How to combine flags from multiple operations in pipelines to enable parameter searches across multiple operations?

Let say I have 2 operations preprocessing and training.
Each has a series of flags that I want to do a hyper parameter search over.
Here is a rough idea of what my operations would look like

preprocessing:
  flags:
    a:
    b:
training:
  flags:
    c:
    d:

Neglecting the practicality of this scenario, I want to run my preprocessing operation every time I run train. Is there a way to achieve this with pipelines or a similar method? I know I could do

mypipeline:
  flags:
    a: [1,2,3]
    b: [4,5,6]
    c: [12,13,14]
    d: [15,16,17]
  steps:
    - preprocessing a=${a} b=${b}
    - train c=${c} d=${d}

and this would solve my problem, but when both operations have a lot of parameters it would end up requiring a lot of copying and pasting between the pipeline and operation flags. Is there a better/more efficient way to achieve this? I basically want the pipline to “inherit” the flags of the steps its performing if possible. The documentation seems to hint at something like this

But when I create a pipeline with no flags and attempt to pass a flag which is defined by one of the steps I get an error saying that the flag does not exists. Is what I am trying to do possible with Guild?

Thanks.

I started to think the copy/paste solution wouldn’t actually solve my problem because I also needed an additional run that I could only run once before preprocessing and train. Since it is outside the pipeline my steps cannot access it without isolate-runs. However this requires using the run: operation attribute in my step

steps:
  - run: preprocessing
    isolate-runs: False
    flags: 
      a:
      b:

vs

steps:
  - preprocessing a=${a} b=${b}

There is no way to transfer the pipeline flags to the step flags as far as I know. However it turns out you can do this instead.

steps:
  - run: "preprocessing a=${a} b=${b}"
    isolate-runs: False

I found this by accident and couldn’t find anything regarding it in the documentation. I figured I would leave it here incase someone has a similar issue. A reference to where this behavior is mentioned would be helpful.

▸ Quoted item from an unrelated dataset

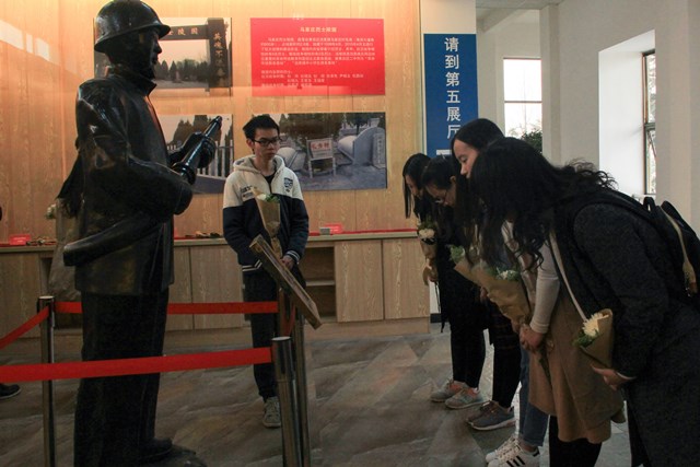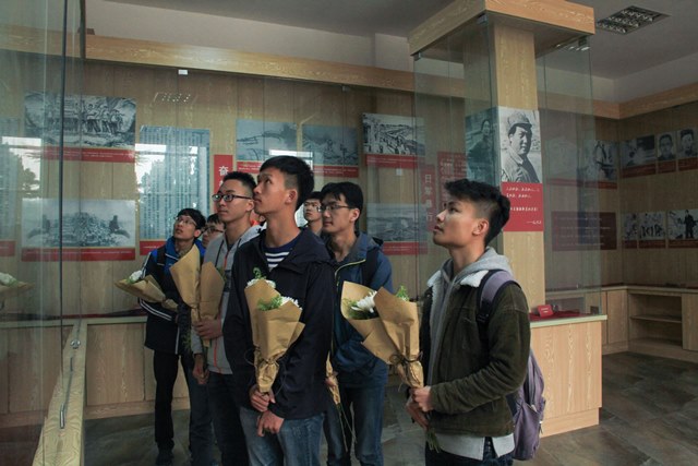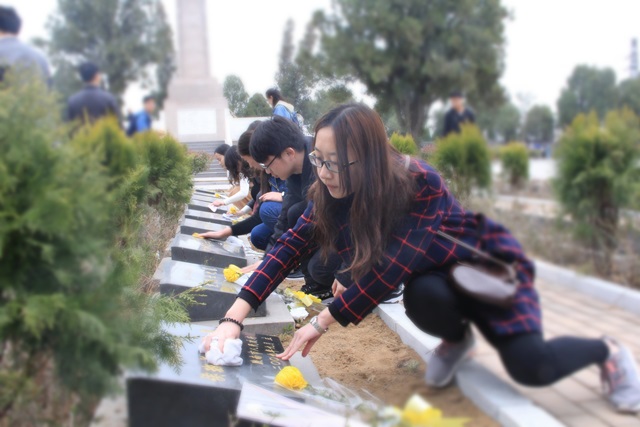 在庄严的烈士纪念碑前,同学们敬献鲜花,集体默哀,以此寄托对革命烈士的深深敬意和无限哀思。革命纪念馆里展示着从抗战到改革开放时期,部分牺牲烈士的遗物以及他们的英勇事迹。从抛头颅、洒热血的无名烈士到为人民生命财产安全献出生命的救火英雄杨波,无一不让大家动容。在参观学习革命英烈感人事迹后,同学们来到革命烈士的墓碑前,为他们献上鲜花,扫墓拭碑,缅怀革命先烈,弘扬革命精神。
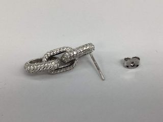 Elegantes pendientes de oro de 18 quilates, con un diseño lineal y adornados con circonitas brillantes. Perfectos para añadir un toque de luz a tu estilo. Usados en pocas ocasiones - Fabricados en oro de 1ª Ley. - Diseño lineal con circonitas.

edit: corrected third guild file bit

In this case, you can pass the steps flag values along this way:

steps:
  - run: preprocessing
    flags:
      a: ${a}
      b: ${b}

Though what you’ve done is also fine (note in your example you’ve left off the $ in the flag ref - I know what you meant :wink: )

I’ll reply to your previous post separately.

1 Like

Unfortunately you have to duplicate the flag defs for the pipeline operation. This is on the near term road map to be addressed.

How many flags are you rolling up to the pipeline op?

Right now I have around 10 and could potentially use more in the future.
Being able to access the step flags from the pipeline would defiantly help a lot.

As another solution I tried using $include and was also having issues. I made two configs for train and preprocessing and then included both in the pipeline

    run_train:
      flags:
        $include: preprocessing-flags
        $include: train-flags
      steps:
        - run: preprocessing
          flags:
          a: ${a}
          b: ${b}
        - train
          flags:
          c: ${c}
          d: ${d}

but it only detected the flags for the last $include attribute. In this case train-flags. Can only one $include be used or am I possibly doing something wrong?

Provide a list for the $include attr:

run_train:
  flags:
    $include:
      - preprocessing-flags
      - train-flags

Thanks, that did it.

1 Like

Is this still on the roadmap?

It is - sorry this is indeed taking too long to get in. Looking at this for the next major release (0.8) along with DvC integration, generalized run query support (there’s an excellent PR waiting for merge related to tags but I want to see generalized flexible query support across all attrs).